• _WHAT NEEDS TO BE DONE_:
What is needed is a word-for-word copy of the lines below from the one with "Vores French Terry" through the one with "2 stk Rørstoler", both included, with every picture left out.

• _RECORDS FOR THE TASK_:
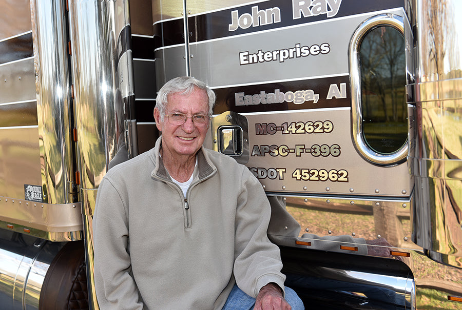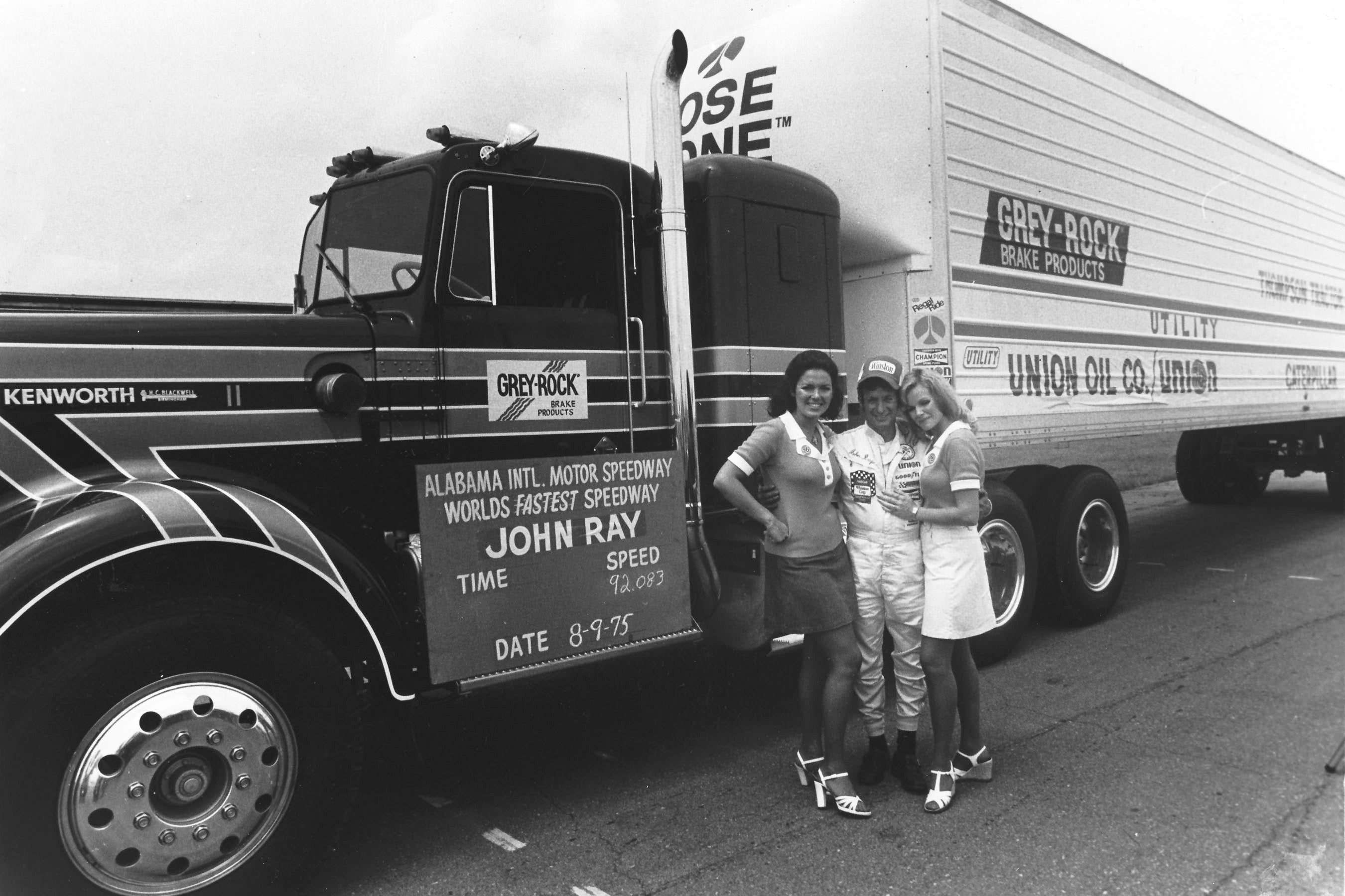 Ray, who owned “John Ray Trucking Company” since the early 70’s, set the world speed record for a semi-truck and trailer around the mammoth Talladega Superspeedway at 92.083 mph in 1975 – in a powerful Kenworth diesel that hissed and hummed through the tri-oval at a break-neck speed one fall afternoon.
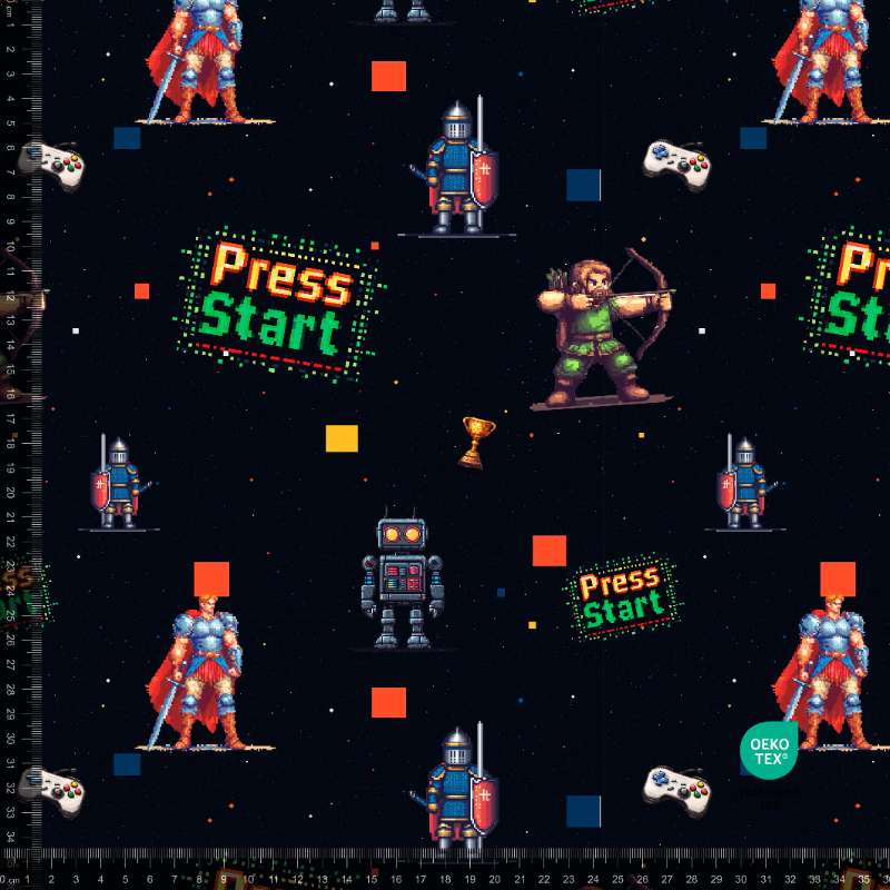 Vores French Terry print med retro gaming er ØKOTEX KLASSE 1 certificeret, med en bredde på 155-160 cm og en vægtfylde på 235 g/m2, kvaliteten består af 95% bomuld / 5 % elastan.
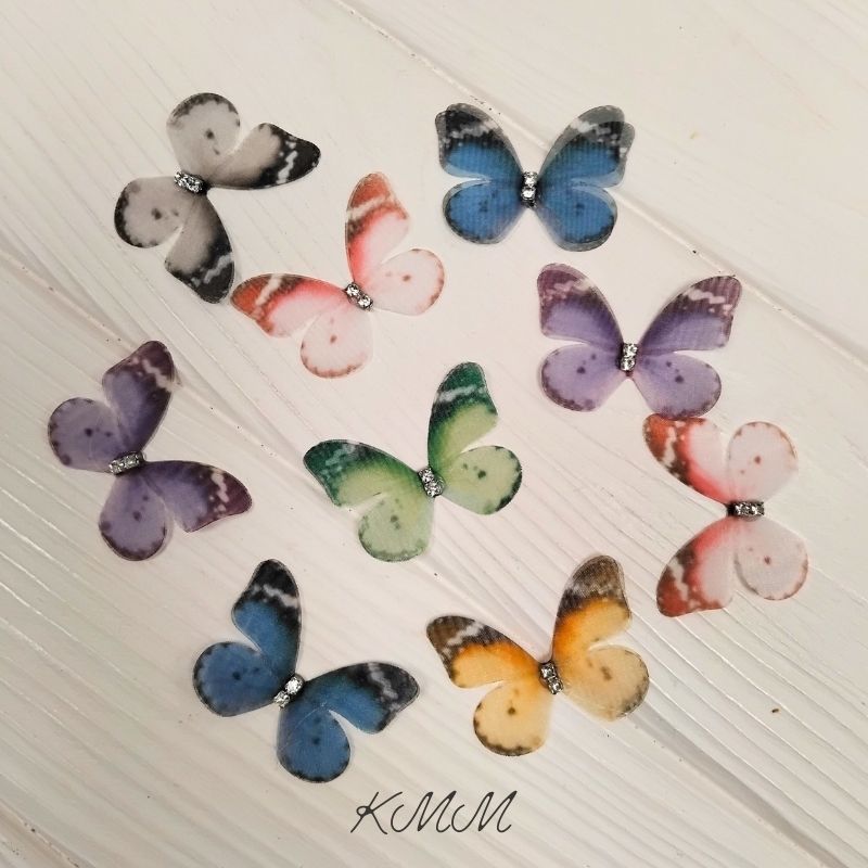 Благодаря тому, что бабочка сделана из двух слоев прозрачной органзы, крылья переливаются и выглядят объемными.
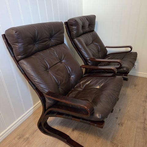 2 stk Rørstoler fra 60-70 tallet selges. De er fra Norsy Haugesund . Puteplaten på den ene er uorginal
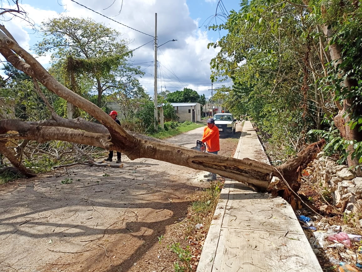 Durante estas jornadas de trabajo, se brindó atención inmediata para liberar la calle 1, entre las calles 22A y 22B, de la colonia Fátima, la cual había quedado obstruida tras la caída de un árbol. Gracias a la pronta intervención, se restableció la circulación vehicular y peatonal, previniendo mayores riesgos para la ciudadanía.
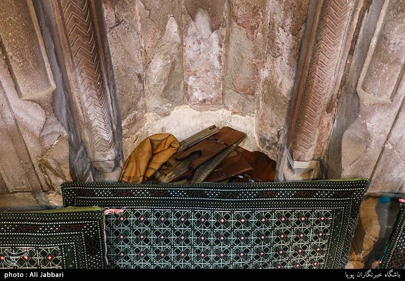This sanctuary (altar) has been carved from a monolithic stone and it has spectacular engravings. Inscriptions and carvings of Tark stone mosque has been embossed by Nasta’liq hands, and its columns have been built by rubicund stones.
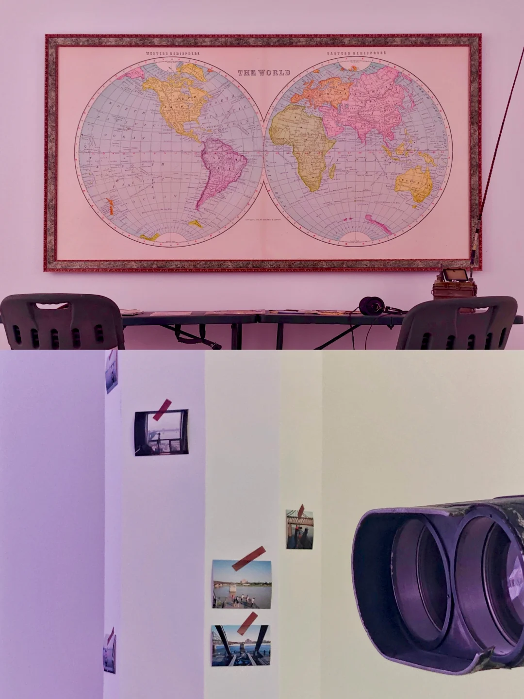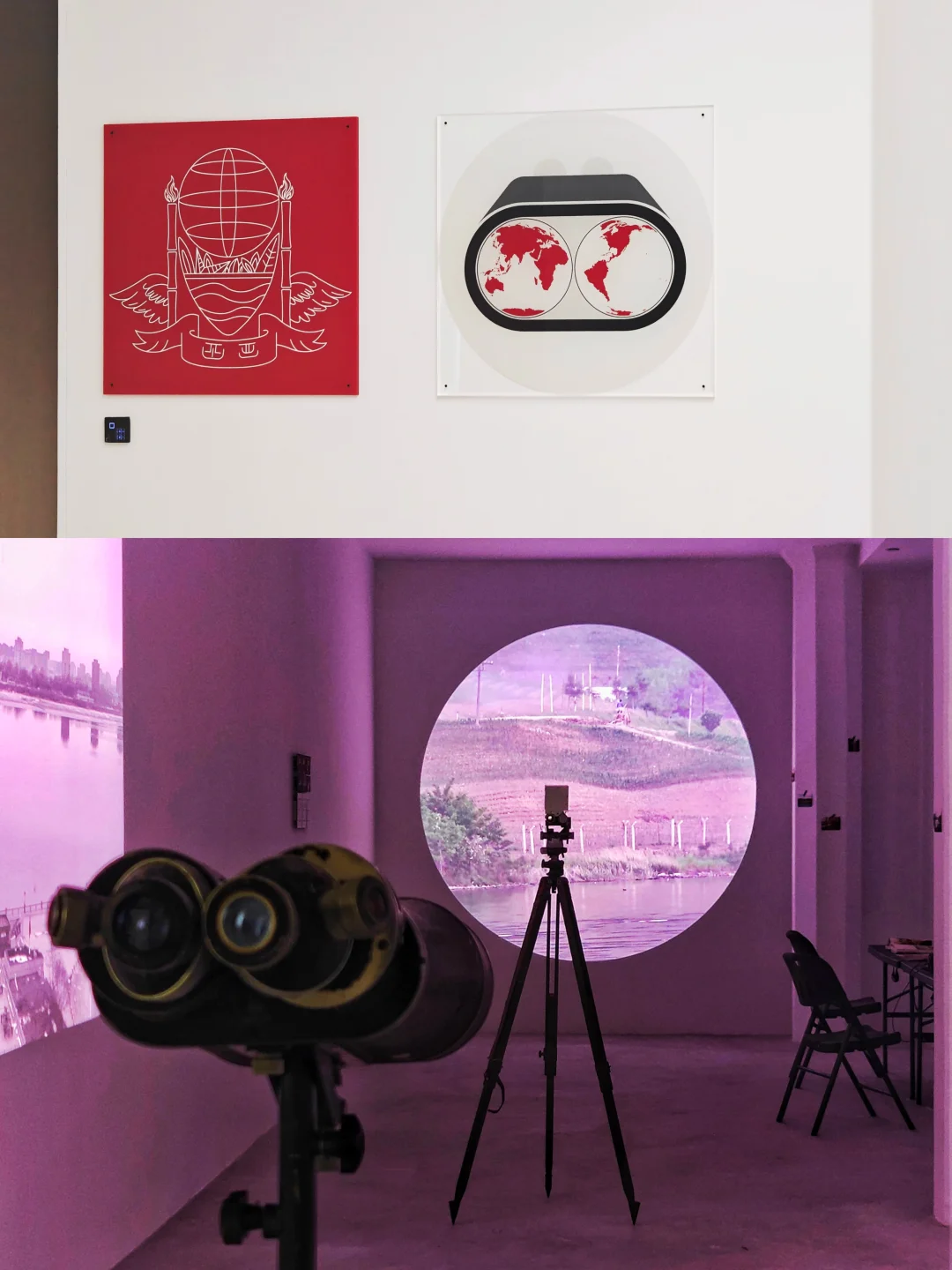 将童年住宅、边防哨所等地的时空图景叠合复写,借助书籍、影像等多种媒介探索空间
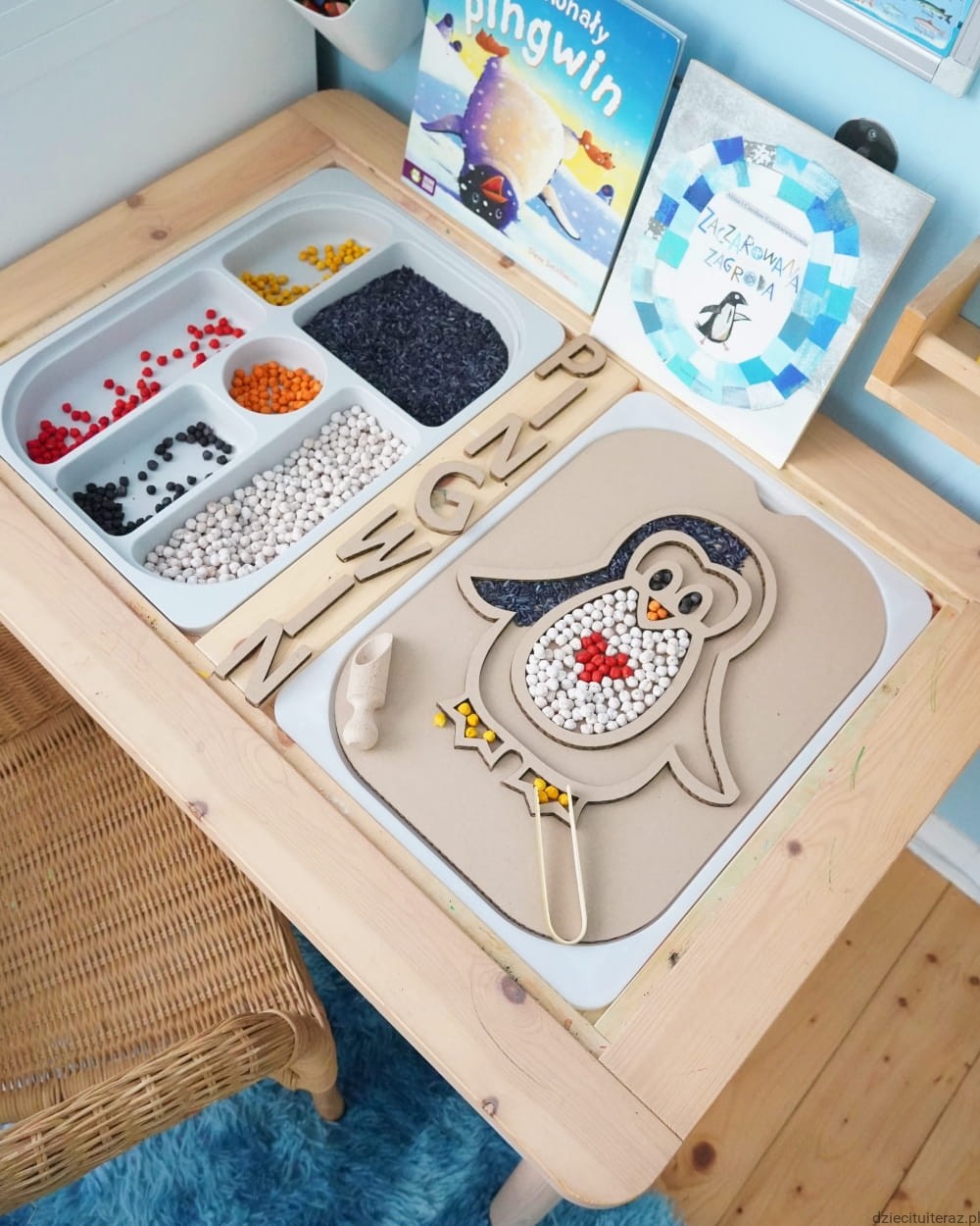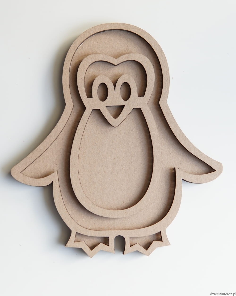 Sensokarton w kształcie pingwina o wymiarach 30xm x 27cm.
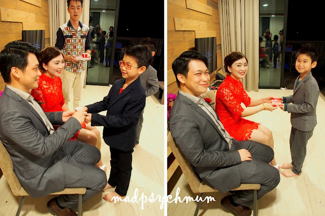 | Nephew C and Nephew D serving tea to their new third aunt (san shen) |

• _SOLVED EXERCISE_:
 Vores French Terry print med retro gaming er ØKOTEX KLASSE 1 certificeret, med en bredde på 155-160 cm og en vægtfylde på 235 g/m2, kvaliteten består af 95% bomuld / 5 % elastan.
 Благодаря тому, что бабочка сделана из двух слоев прозрачной органзы, крылья переливаются и выглядят объемными.
 2 stk Rørstoler fra 60-70 tallet selges. De er fra Norsy Haugesund . Puteplaten på den ene er uorginal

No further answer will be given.